Background & Summary

Tea plants accumulate abundant fluoride (F) from environments without toxicity1–3. The F concentration in mature tea leaves was up to 2800 mg/kg4. In general, tea brewing leaches 24–83% of total F into infusions4. An adult drinking five cups of tea per day would intake 8.0–303% F content of the Polish SAI (Safe and Adequate Daily Intake)5. Long-term consumption of brick teas with excess F would increase the risk of dental and skeletal fluorosis6,7.

Fluoride uptake by tea plant is highly related to Al, Ca and anion channels. Adding Al to the soil or hydroponic solution increased F accumulation in tea plant but had no effect on Al accumulation8. Tea plant might absorb F through a F-Al complex9. Endogenous Ca2+ and CaM played an important role in F accumulation when there was Al3+ in the hydroponic solution10. The addition of Ca2+ decreased the passages in cell wall or membrane, resulting in reduction of F uptake11. F uptake by tea plants was related to anion channel, because anionic channel inhibitor NPPB or DIDS could reduce F absorption12.

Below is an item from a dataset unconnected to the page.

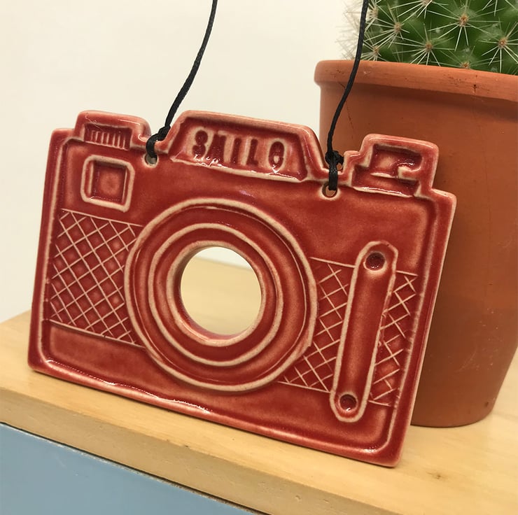 This little pottery camera has been hand-cut and stamped from my own design. It is made from white earthenware clay, decorated and fired. It has then been glazed with a lovely glossy glaze and fired again to 1100 degrees. It hangs from a black string. 8cm wide x 6.5cm high x 0.8cm deep.

For non-model organisms with limited information of genome, ribonucleic acid sequencing (RNA-Seq) is an efficient approach to transcriptome profiling13–15. In this study, RNA-Seq was tested on tea leaf samples from hydroponic tea plants grown at three levels of F for two growing duration, with two biological replicates and control. Based on 10 cDNA libraries, a de novo assembled transcriptome was generated using all F treatments and control samples. After de novo assembly, total 69,488 unigenes were obtained with N50 of 869 bp. The unigene dataset can help explore the potential genes towards F metabolism in tea plant.

Methods

Experiment design

Two-year-old tea cuttings of Camellia sinensis cv. ‘JK2’ were cultured by hydroponic method in a climate chamber at 25±2 °C, 70±10% relative humidity and 12 h light/12 h dark16. The nutrient solution was renewed weekly with formula as below: 100.05 mg/L NH4NO3, 34.68 mg/L KH2PO4, 1.64 mg/L K2HPO4, 2.15 mg/L CaSO4·2H2O, 49.00 mg/L MgSO4·7H2O, 33.32 mg/L Al2(SO4)3·10H2O, 0.28 mg/L FeSO4·7H2O, 14.21 mg/L Na2SiO3·9H2O, 5.00 mg/L H3BO3, 3.00 mg/L MnSO4, 0.44 mg/L ZnSO4·7H2O, 0.16 mg/L CuSO4·5H2O, 0.16 mg/L Na2MoO4·2H2O, and the pH of the solution was adjusted to 4.8–5.2 by 0.1 mol/L HCl or 0.1 mol/L NaOH16. After eight weeks acclimation in the nutrient solution, the tea plants were treated with three levels of F (0, 5, 20 mg/L). Third leaf from apical bud with biological replicates were sampled for F content analysis and RNA extraction on the day before F treatment using 0 mg/L group as control, and 5 mg/L, 20 mg/L combined with 1st, 3rd day as treatment groups. The labels of F treatment were as below, sampling before F treatment from 0 mg/L F group was used as control (tabbed as Ftea-CK), 5 mg/L F for 1 day (tabbed as Ftea-S5-1), 5 mg/L F for 3 days (tabbed as Ftea-S5-3), 20 mg/L F for 1 day (tabbed as Ftea-S20-1), 20 mg/L F for 3 days (tabbed as Ftea-S20-3). The experiment design and the sampling standard were illustrated in Fig. 1.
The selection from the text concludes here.